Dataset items
++++++++

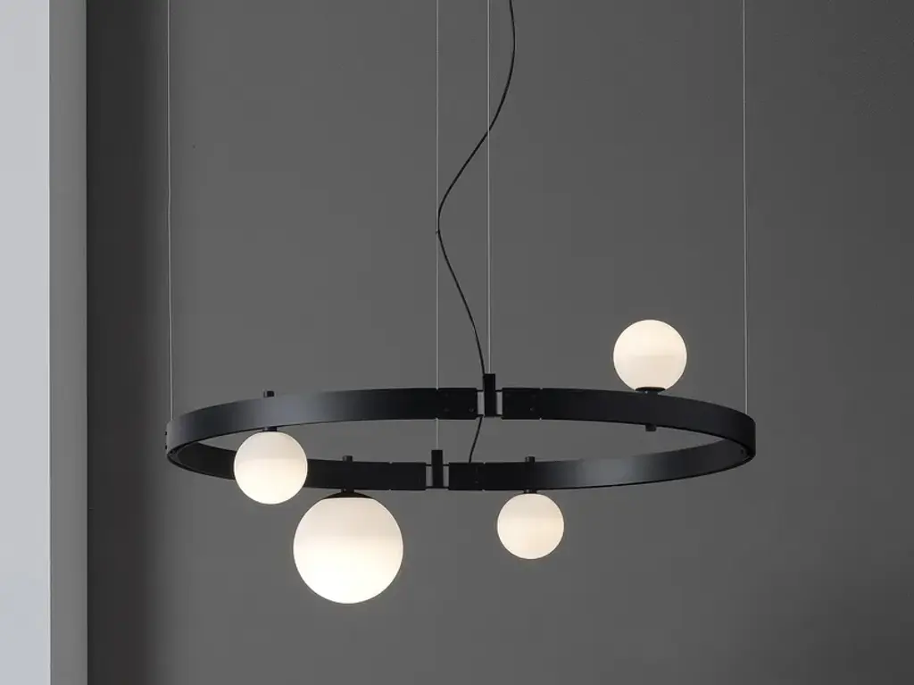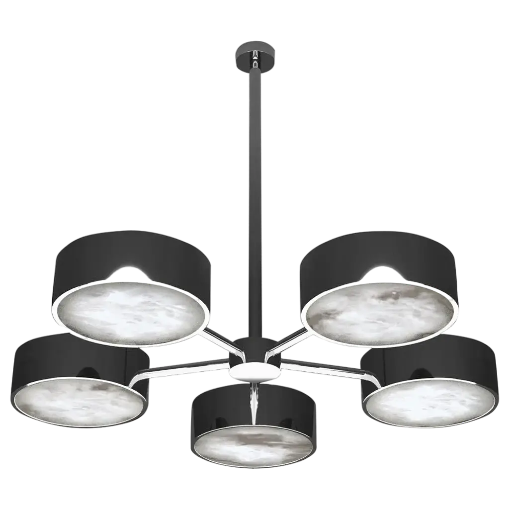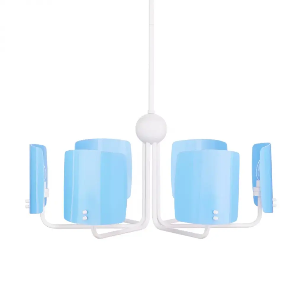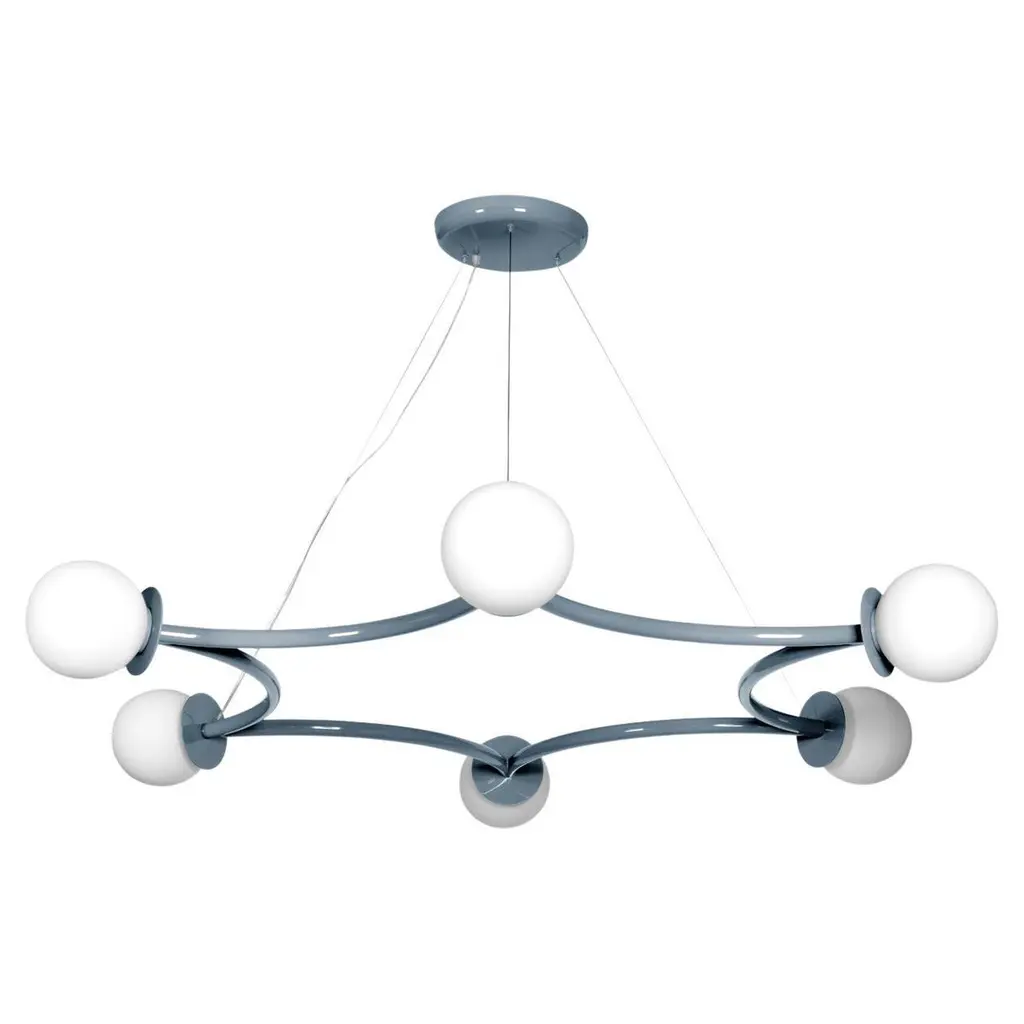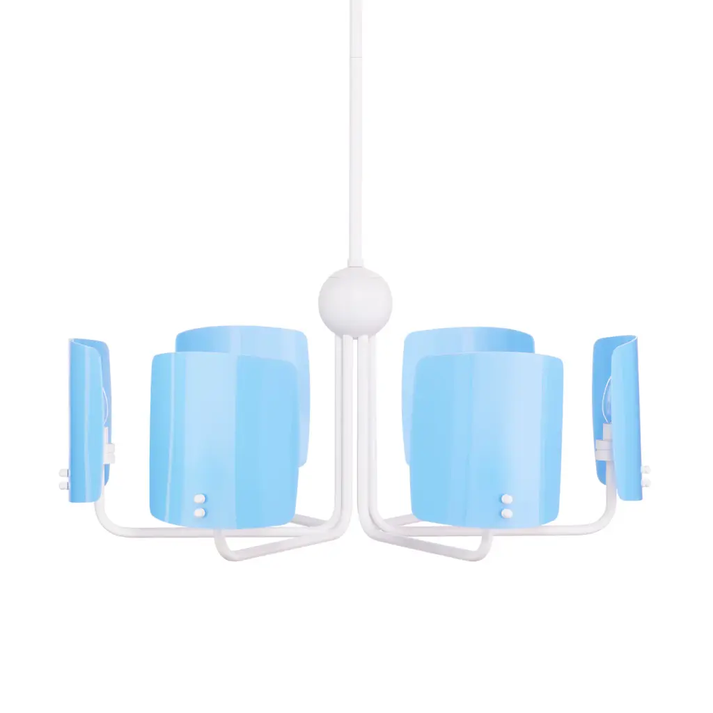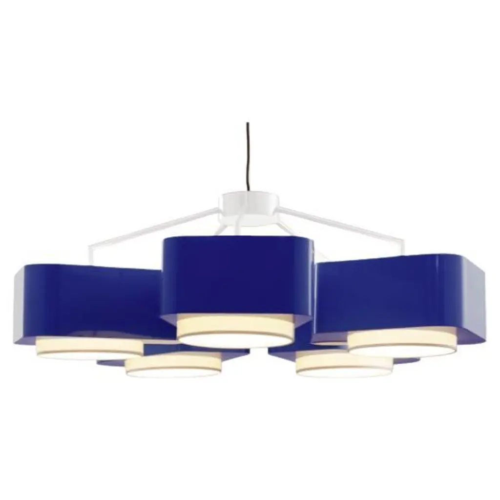 Mod Mood.Featuring a ring of groovy acrylic shades around a mod Italian framework, our Polly Six-Light Chandelier is a clean, elemental fixture for futuristic foyers and minimalist dining spaces. Go ultra-mod in white with blue acrylic shades, or signal 70s swank in honed brass with smoke acrylic shades.All lighting sales are final. Item #32325
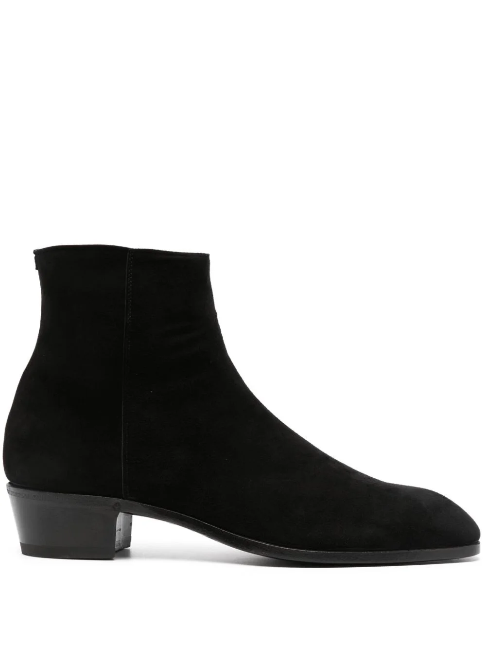 45mm suede ankle boots Highlights - Black - Calf suede - Side zip fastening - 45mm low block heel - Ankle-length - Square toe - Branded leather insole - Leather lining - Leather sole Made in Italy Composition Lining: Calf Leather 100% Sole: Calf Leather 100%, Rubber 100% Outer: Calf Suede 100% SIZE & FIT Measurement HEEL 1.77 in(4.5 cm) HEIGHT 5.9 in(15 cm)
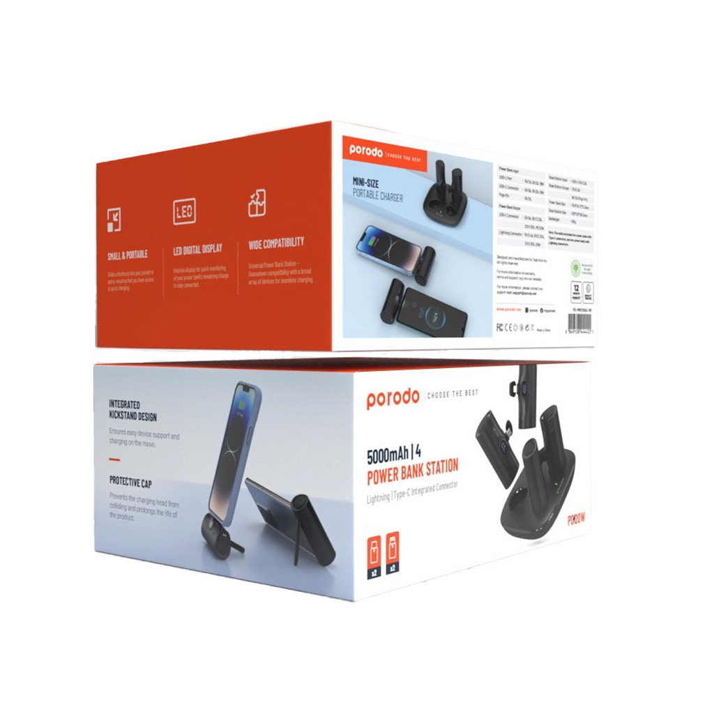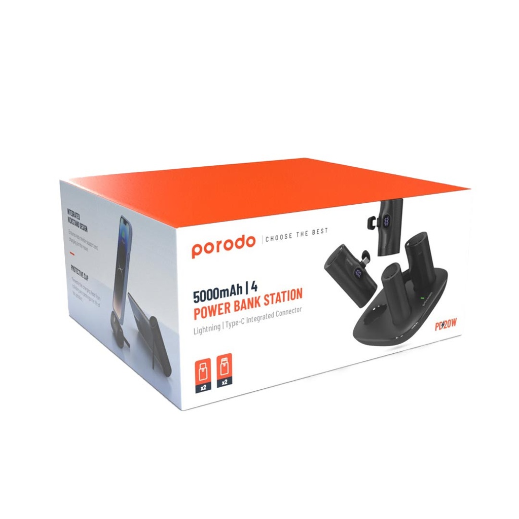 Porodo 5000mAh | 4 Power Bank Station with Lightning | Type-C integrated Connector
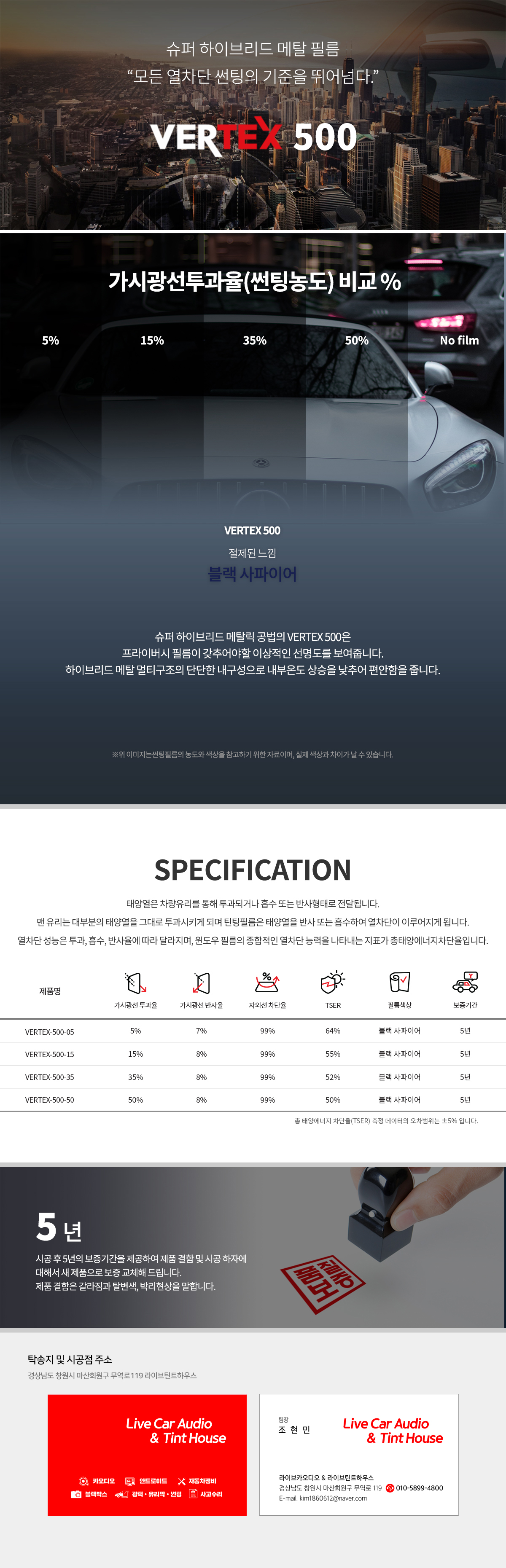 버텍스 전면 500 / 측후면 500 (국산 세단 기준)
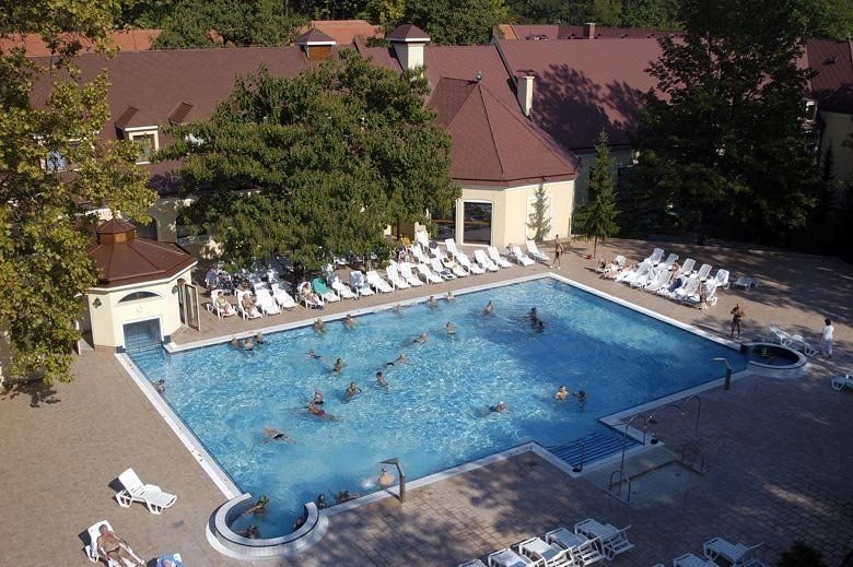 Bazén, balneo centrum, aquapark (Čajka), masáže, baňkování, fitness, sauna.Vlastní balneologické centrum, Vodní svět - tj. soustava termálních bazénů (tří vnitřních - tzv. Žlutý 38 °C a tzv. Zelený 32 °C, tzv. Bílý bazén s mořskou vodou 35-360C) a venkovní termální bazén 34 °C s celoročním provozem.Do komplexu hotelu dále patří moderní Relax centrum (wellness a saunový svět – solná a bylinková koupel, sanárium, Whirlpool, finská sauna, sluneční louka, oddychová místnost, fitness).
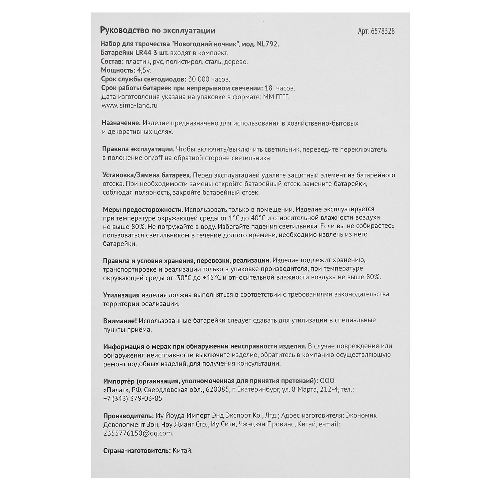 Размер упаковки: 12 x 6 x 17.5 см. Возраст: От 3 лет Возраст: От 3 лет tnved: 9405420000 Тематика праздника: Новый год Форма: Полуовальная Батарейки в комплекте: Да Типоразмер батареек: LR44 (V13GA, AG13, LR1154, SR44) Количество батареек: 3 Ночник добавит атмосферы тепла и уюта в доме, либо станет подарком для друзей и близких. Как сделать ночник?

++++++++

#### [Problem]
Although the records contain pictures, return only their text, exactly as written.

#### [Worked solution]
 Mod Mood.Featuring a ring of groovy acrylic shades around a mod Italian framework, our Polly Six-Light Chandelier is a clean, elemental fixture for futuristic foyers and minimalist dining spaces. Go ultra-mod in white with blue acrylic shades, or signal 70s swank in honed brass with smoke acrylic shades.All lighting sales are final. Item #32325
 45mm suede ankle boots Highlights - Black - Calf suede - Side zip fastening - 45mm low block heel - Ankle-length - Square toe - Branded leather insole - Leather lining - Leather sole Made in Italy Composition Lining: Calf Leather 100% Sole: Calf Leather 100%, Rubber 100% Outer: Calf Suede 100% SIZE & FIT Measurement HEEL 1.77 in(4.5 cm) HEIGHT 5.9 in(15 cm)
 Porodo 5000mAh | 4 Power Bank Station with Lightning | Type-C integrated Connector
 버텍스 전면 500 / 측후면 500 (국산 세단 기준)
 Bazén, balneo centrum, aquapark (Čajka), masáže, baňkování, fitness, sauna.Vlastní balneologické centrum, Vodní svět - tj. soustava termálních bazénů (tří vnitřních - tzv. Žlutý 38 °C a tzv. Zelený 32 °C, tzv. Bílý bazén s mořskou vodou 35-360C) a venkovní termální bazén 34 °C s celoročním provozem.Do komplexu hotelu dále patří moderní Relax centrum (wellness a saunový svět – solná a bylinková koupel, sanárium, Whirlpool, finská sauna, sluneční louka, oddychová místnost, fitness).
 Размер упаковки: 12 x 6 x 17.5 см. Возраст: От 3 лет Возраст: От 3 лет tnved: 9405420000 Тематика праздника: Новый год Форма: Полуовальная Батарейки в комплекте: Да Типоразмер батареек: LR44 (V13GA, AG13, LR1154, SR44) Количество батареек: 3 Ночник добавит атмосферы тепла и уюта в доме, либо станет подарком для друзей и близких. Как сделать ночник?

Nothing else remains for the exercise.